The Finance and Administration Committee of KSU's trustees approved a contract with the project's construction manager at risk, Hammond Construction, that ensures costs on the building will not exceed $17.75 million.
"If there are cost savings accrued ... we will reap the favorable benefit of those, but we will not be subject to higher costs," said Gregg Floyd, KSU senior vice president of finance and administration.
The new building, which is part of the university's $200 million Foundations of Excellence campaign will be situated on the Science Mall in between the Mathematics and Computer Sciences and the Liquid Crystal Materials Science buildings. Its entrance will face Henderson Hall, with its rear facing East Summit Street.

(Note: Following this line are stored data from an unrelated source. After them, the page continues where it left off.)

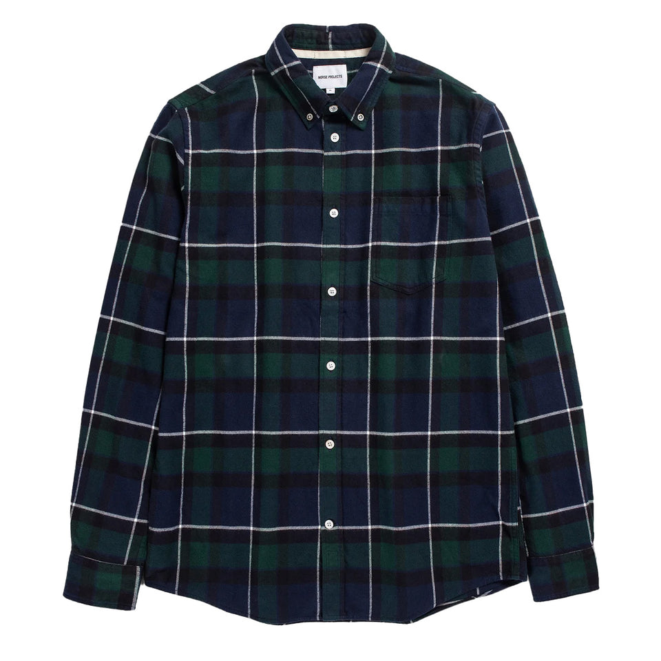 Norse Projects Anton Brushed Flannel Check Shirt Black Watch Check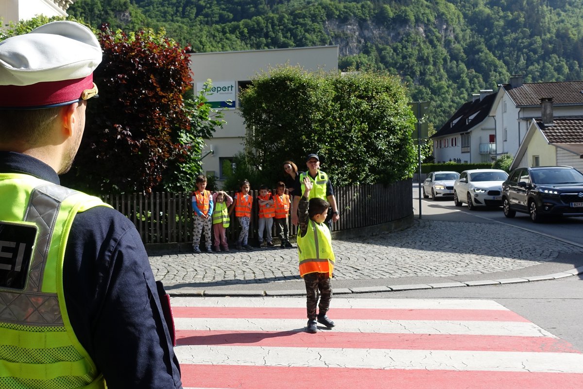 Die Bludenzer Stadtpolizist*innen sind im Einsatz in den städtischen Kindergärten. Sie vermitteln, wie man einen Schutzweg richtig überquert, was man macht, wenn der Ball plötzlich auf die Straße rollt und worauf man im Straßenverkehr allgemein achten muss.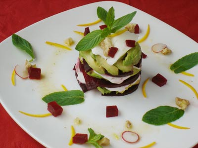 パリらしいおしゃれな料理 サラダミルフィーユ。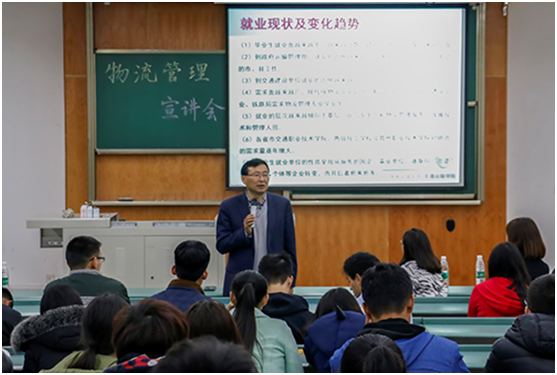 物流管理专业宣讲会邀请了公司物流学科带头人张锦教授、何娟老师、甘蜜老师、物流管理系郑海莎老师和张蓉蓉老师。张锦教授向同学们介绍了物流类学科在国内外的发展情况以及专业的研究方向和就业方向。何娟老师向同学们介绍了物流经济与金融方向的供应链金融,在政府政策与导向支持、现状与展望、市场参与方与岗位需求和人才培养方面逐一进行了系统性的分析。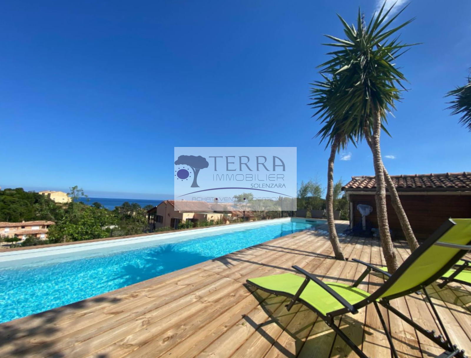 Terra Immobilier Solenzara, vous propose à la vente, sur la commune de Solenzara, hameau de Favone, une maison vue mer avec piscine d'une superficie d'environs 450 m² composée de 7 appartements sur 2 niveaux. Plage à pied à 600 m.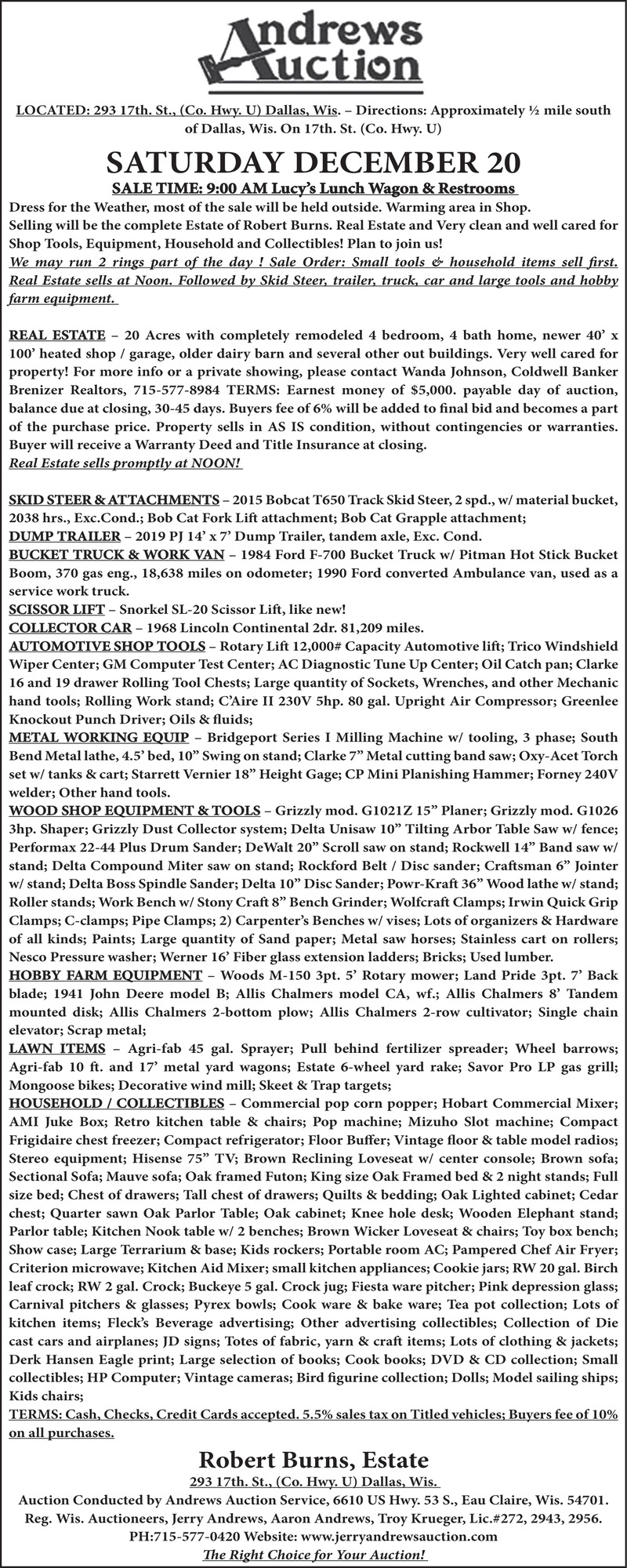 Dec 17, 2025. Andrews Auction Auctions Ads from Rice Lake Chronotype

The 55,000-square-foot building will have two above-ground levels and a lower level that will include the college's air traffic control simulator and labs.
Underground utility relocations and work for a new parking to accommodate loss of parking with the new building are already underway, and the project is expected to be complete in November 2014.
The College of Applied Engineering, Sustainability and Technology -- renamed from the College of Technology in 2012 -- is now located in Van Deusen Hall, built in 1951 off Terrace Drive.
After the college moves into its new home on the Science Mall, Van Deusen Hall will be renovated to house the School of Art in an art complex that will also include the neighboring Art Annex Building and a new structure, unifying the school whose facilities are currently spread out in six buildings.
"I'm excited to see that this building will be moving forward expeditiously," said KSU President Lester Lefton. "This really means that we'll be putting steel in the ground within a couple of months."
Stephen Colecchi, chair of the trustees finance committee, said the board's action to finalize the project costs were necessary so that foundation work could move forward, allowing projects to stay on time and budget.